* **Task statement**: Write out the lines below exactly, beginning at the one with "生成AIを使ったコーディングの経験 2023年 Tシャツキャンペーン-AWSブログ" and stopping after the one with "Celkovo je vývoj"; the pictures are not copied.

::: Records :::

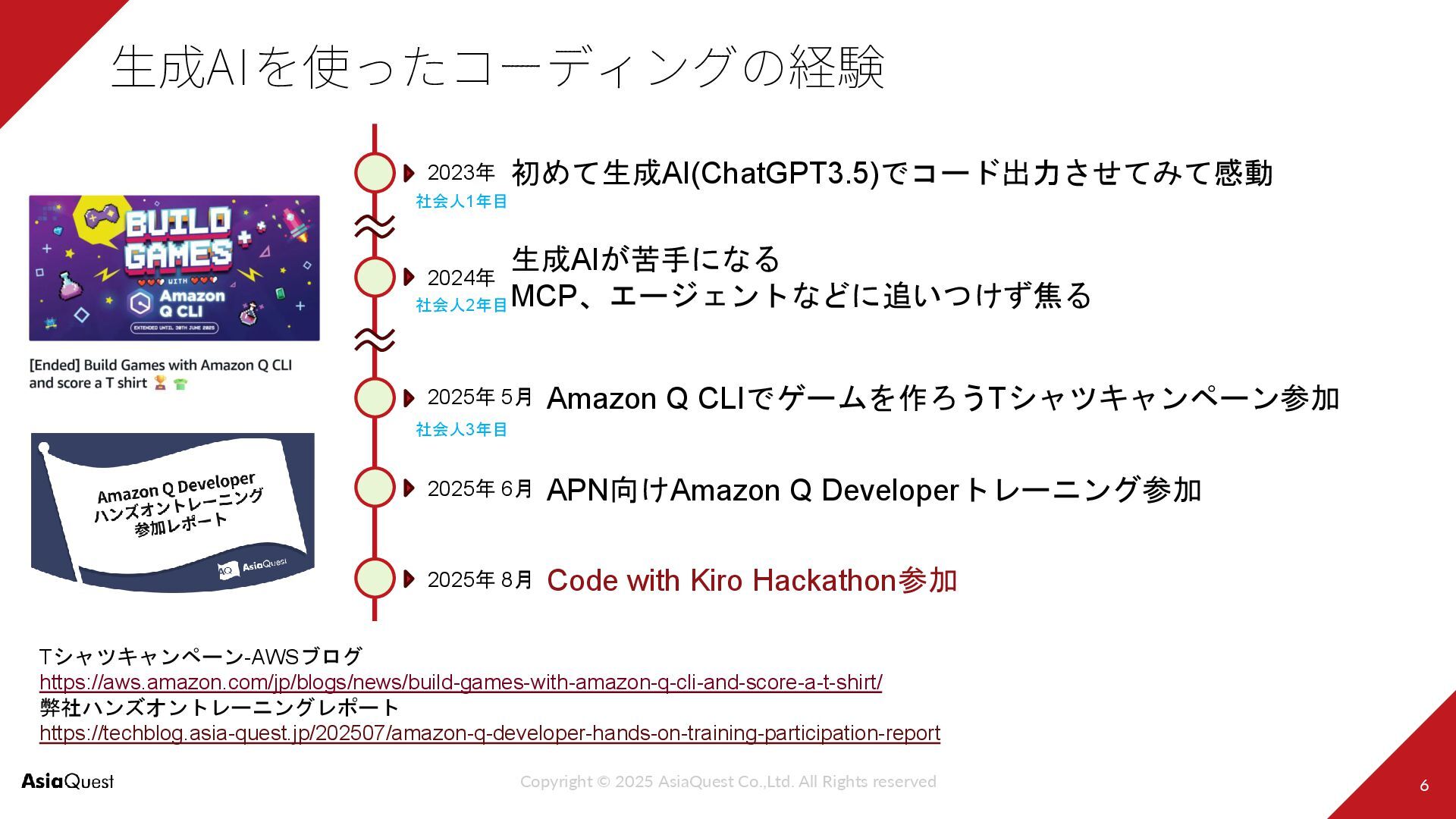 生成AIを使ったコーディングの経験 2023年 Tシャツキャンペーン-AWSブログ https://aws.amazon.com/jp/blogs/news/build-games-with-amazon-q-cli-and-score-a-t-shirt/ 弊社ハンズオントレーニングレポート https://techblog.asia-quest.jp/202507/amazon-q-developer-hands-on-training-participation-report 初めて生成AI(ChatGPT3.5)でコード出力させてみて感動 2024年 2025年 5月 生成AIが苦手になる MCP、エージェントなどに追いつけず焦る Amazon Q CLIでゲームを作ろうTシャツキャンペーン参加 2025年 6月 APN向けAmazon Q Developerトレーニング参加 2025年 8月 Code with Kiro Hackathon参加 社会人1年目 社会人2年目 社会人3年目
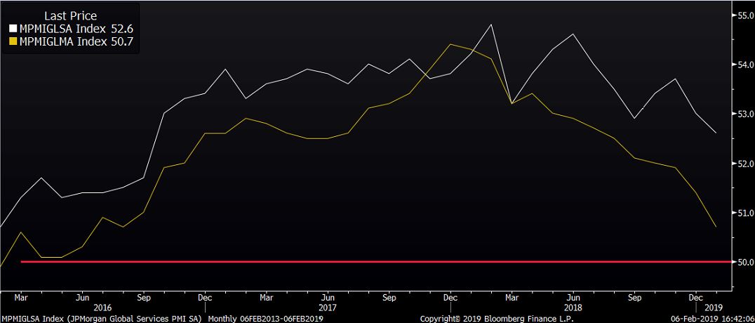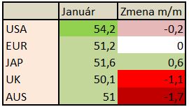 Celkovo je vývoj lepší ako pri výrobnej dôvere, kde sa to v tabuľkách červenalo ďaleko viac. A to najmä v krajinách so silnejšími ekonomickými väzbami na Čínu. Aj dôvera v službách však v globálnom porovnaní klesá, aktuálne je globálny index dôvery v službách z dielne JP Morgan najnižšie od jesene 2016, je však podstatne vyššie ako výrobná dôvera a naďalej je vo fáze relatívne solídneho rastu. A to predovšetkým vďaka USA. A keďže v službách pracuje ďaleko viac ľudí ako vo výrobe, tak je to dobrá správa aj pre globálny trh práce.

:::
::: Records :::

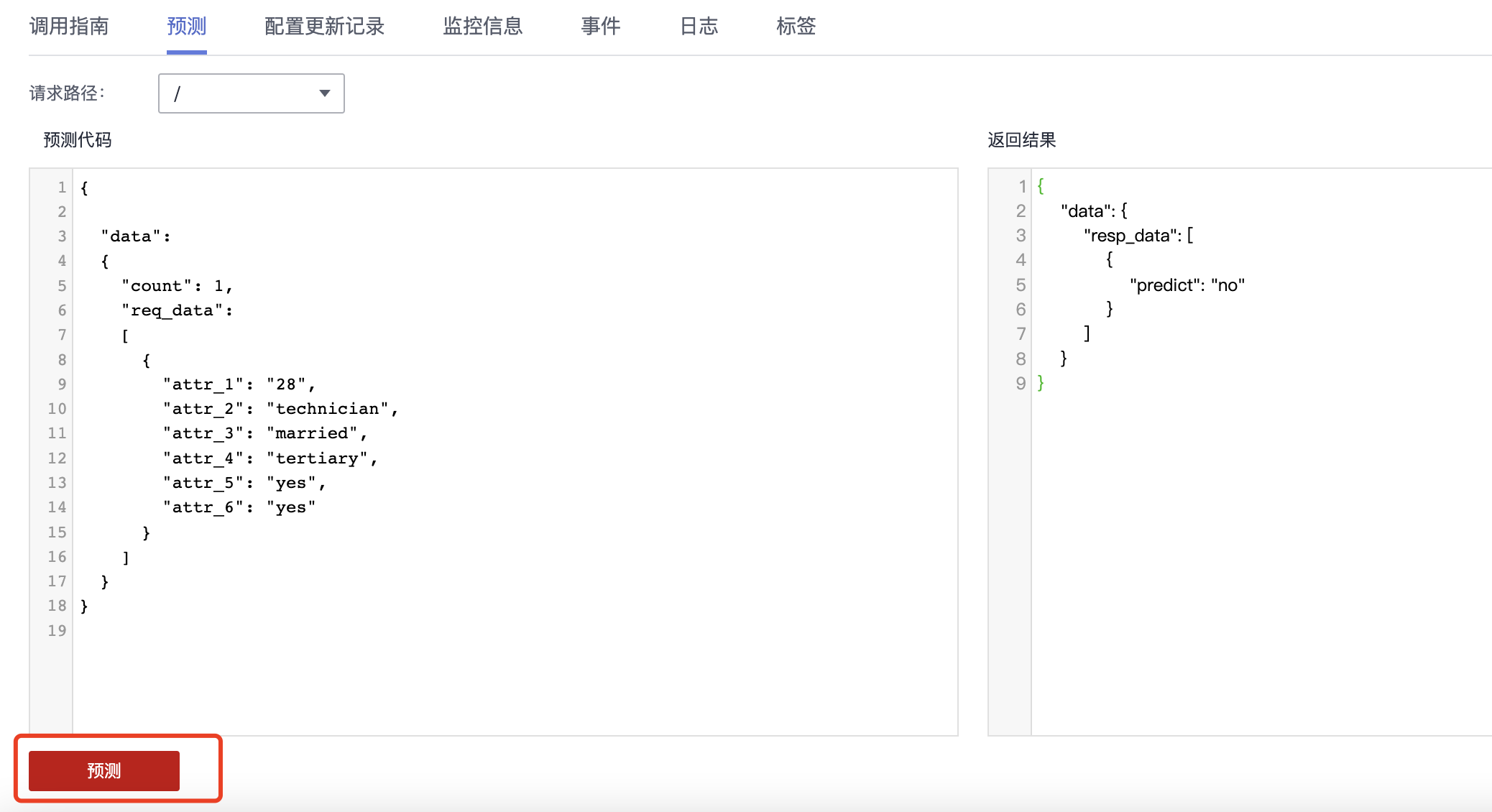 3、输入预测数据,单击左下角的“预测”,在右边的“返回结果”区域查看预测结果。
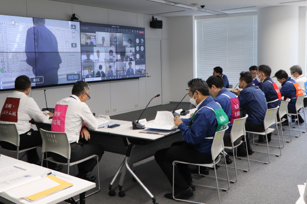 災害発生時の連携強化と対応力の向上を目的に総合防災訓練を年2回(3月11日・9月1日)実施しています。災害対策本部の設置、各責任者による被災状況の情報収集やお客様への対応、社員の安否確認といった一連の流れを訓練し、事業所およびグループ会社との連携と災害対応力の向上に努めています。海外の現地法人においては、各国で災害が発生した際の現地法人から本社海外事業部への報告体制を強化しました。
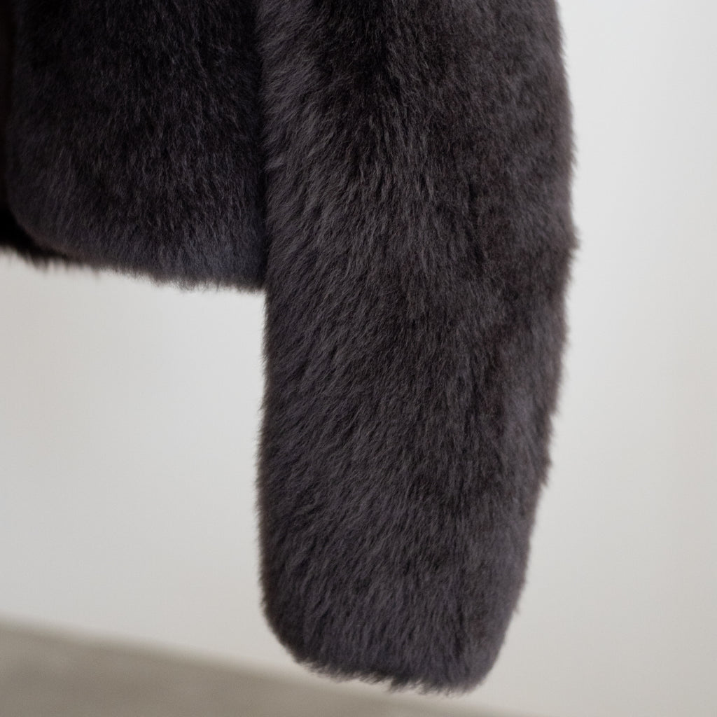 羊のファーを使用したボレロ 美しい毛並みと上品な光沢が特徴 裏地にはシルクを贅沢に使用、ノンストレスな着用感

:::

* **Expected answer**:
 生成AIを使ったコーディングの経験 2023年 Tシャツキャンペーン-AWSブログ https://aws.amazon.com/jp/blogs/news/build-games-with-amazon-q-cli-and-score-a-t-shirt/ 弊社ハンズオントレーニングレポート https://techblog.asia-quest.jp/202507/amazon-q-developer-hands-on-training-participation-report 初めて生成AI(ChatGPT3.5)でコード出力させてみて感動 2024年 2025年 5月 生成AIが苦手になる MCP、エージェントなどに追いつけず焦る Amazon Q CLIでゲームを作ろうTシャツキャンペーン参加 2025年 6月 APN向けAmazon Q Developerトレーニング参加 2025年 8月 Code with Kiro Hackathon参加 社会人1年目 社会人2年目 社会人3年目
 Celkovo je vývoj lepší ako pri výrobnej dôvere, kde sa to v tabuľkách červenalo ďaleko viac. A to najmä v krajinách so silnejšími ekonomickými väzbami na Čínu. Aj dôvera v službách však v globálnom porovnaní klesá, aktuálne je globálny index dôvery v službách z dielne JP Morgan najnižšie od jesene 2016, je však podstatne vyššie ako výrobná dôvera a naďalej je vo fáze relatívne solídneho rastu. A to predovšetkým vďaka USA. A keďže v službách pracuje ďaleko viac ľudí ako vo výrobe, tak je to dobrá správa aj pre globálny trh práce.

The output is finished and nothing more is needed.